Chester’s Conservation Advisory Board is off to a very shaky start

| 01 Jul 2024 | 09:25

    I was surprised in February to learn Chester had formed a “Conservation Advisory Council/CAC.

    I learned the day before their first official meeting. At the meeting I found no qualified ecologists, only a handful of ecologically uninformed people. The chair explained they’d recently formed their “climate change” group to become a municipal CAC to get funding for climate concerns.

    For Chester, where suburban sprawl is our greatest challenge, this seemed misguided: The purpose of CACs, according to NYS is to “...serve as important advisory bodies to local governing boards, planning boards, and zoning boards of appeals. By providing an environmental perspective on land-use proposals, comprehensive plans, stewardship of natural areas, and other issues, ...their mandate includes ... a municipal inventory of natural areas and open space...”

    Chester, where sprawl from developers and a rapidly expanding religious group devour natural spaces, needs this mandate.

    That chairman requested a list of Chester’s most important spots for preservation (“Natural Resources Inventory), which I prepared, along with my unique, decades-old plan for a pollinator path for Knapp’s View.

    Having researched our region’s ecology for over 50 years, I immediately generated that list, only to learn they named a new chair, a Martine Guerrier.

    I contacted her about my pollinator plan, and thousands of planting-ready seeds, and I received a condescending response about project implementation (I’d co-founded the Glenmere Conservation Coalition, successfully halting a planned 450+ unit condo subdivision on Glenmere Lake, and successfully stopped synthetic pesticide use there, and successfully stopped O&R’s planned pipeline there, etc.) so I asked, three times, her qualifications as CAC chair, (The purpose of CACs is environmental land use conservation) she ignored my question, instead mentioning racism, which was strange.

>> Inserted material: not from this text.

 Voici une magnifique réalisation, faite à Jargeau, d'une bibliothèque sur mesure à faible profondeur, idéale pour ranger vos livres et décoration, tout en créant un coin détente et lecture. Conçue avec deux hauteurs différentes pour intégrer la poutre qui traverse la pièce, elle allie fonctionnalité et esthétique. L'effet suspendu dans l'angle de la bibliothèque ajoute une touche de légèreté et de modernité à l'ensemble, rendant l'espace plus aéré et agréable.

She touted Chester’s joining the empty “monarch cities” designation. In Oregon, where “monarch cities” is based, the monarch may be a hotbed issue. Here in Chester, home to authentic endangered species such as the bog turtle and the eastern cricket frog, both of which are rapidly declining within this town, joining initiatives for pretty butterflies is an uneducated, empty gesture. I explained: Nice initiative, wrong audience, like suggesting a nuclear power moratorium to help kids in the South Bronx: An empty gesture that fails to understand the actual issues within that culture. After my fourth request for Ms. Guerrier’s background in environmentalism, she said: “Writing as a courtesy to acknowledge receipt of your message.” Nothing else. No sense of public service.

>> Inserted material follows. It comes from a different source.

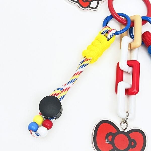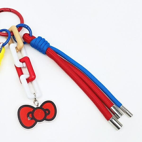 キティの愛らしいフェイスチャームにチャームポイントのリボンそして、ブルー、レッド、ホワイトとキティカラーがチャームにたくさんつかわれています。

    In last week’s Chronicle, this struck me: “The (Chester Town) board appointed Martine DiPasquale as the chairwoman of the Chester Conservation Advisory Council.” Martine “DiPasquale”, now? I googled Martine DiPasquale and found a photo of an activist by that name, protesting the Supreme Court (along with Brandon Holdridge) and looking identical to public figure Martine Guerrier, who ran unsuccessfully for NYS Assembly in Brooklyn and garnered only 7 % of the vote....the same failed candidate that schooled me on project implementation. In the photo Ms. DiPasquale is holding a sign reading: “SCOTUS is political.” Evidently, so are Chester’s committee appointments, judging by Brandon Holdridge protesting with Ms. DiPasquale in that same article.

    I’m uneasy with a town representative that feels the need to use two different names when representing the Town of Chester, much as she’s used two or more different emails in this same official level.

    I understand: Brandon Holdridge promised campaign supporters positions in his government. But now he’s abusing our town’s endangered natural environment to repay favors and form strategic alliances with NYC politician-activists that might help his ascent up the political ladder in NYS, understandable for any politician guided by a soiled ethical compass.

    Here in one of NY most environmentally threatened towns, appointing a partisan political activist with no environmental background to chair a CAC is insulting to Chester’s ecological protection, where hillsides are strip-mined, endangered species populations are destroyed and wetlands drained; designating Chester a “monarch town” shows complete detachment from reality.

    Appointing a partisan political activist also exposes Chester to legal defeats from developers and religious groups that litigate against future pro-environment planning board decisions. When developer’s counsel can point out political motivations in a municipal advisory council, they win cases and their projects get hammered through. I’ve testified for ecological protection in court, I can speak to the clear danger of these optics.

    Ms. Guerrier/DiPasquale needs to resign, in the interest Chester’s environment ...and Brandon Holdridge needs to understand that Chester isn’t his personal sandbox for political climbers.